As you said though, I probably should use &str instead of &string, I'm still getting my head around all the string types, the previous language I used only had one string type, so it's some getting used to! The len() vs chars().count() thing is the same, thank you for pointing it out!
To answer the last point, I'm aware I will not write the best algorithms, this is a small test project, so I'm just exploring different things. Once I do start using it somewhere I'll definitely look at more optimal solutions though!
@kornel I will try a test using bytes, I think for this usecase it might work?

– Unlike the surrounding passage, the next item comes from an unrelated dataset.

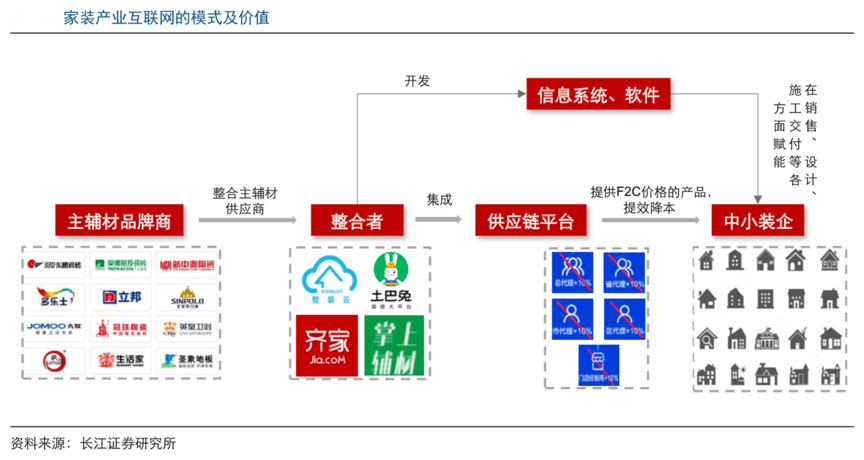 經典案例:根據長江證券研究所等綜合資訊表明,家裝產業互聯網平臺的核心是做供應鏈的整合,提升家裝產業供應鏈的效率、降低成本。其重在利用技術優勢打通銷售、生產、運輸、施工交付等全產業鏈環節,實現各環節的互通互聯,通過一些軟件的使用,解決中小裝企在引流獲客、設計、施工交付等方面的痛點,提升其競爭力。近年來,出現了一批家裝行業產業互聯網平臺,如小胖熊、掌上輔材以及 HOMKOO 整裝云等。

With the code functional now, I'll need to do some tests to see what works. Thank you!
That's not what was stated, however. Cloning the Stringdoes copy the underlying data (otherwise we'd have two pointers responsible for freeing the same memory). But Chars is not String - it's essentially a pointer into an independently existingString, a view, and a view can be duplicated cheaply.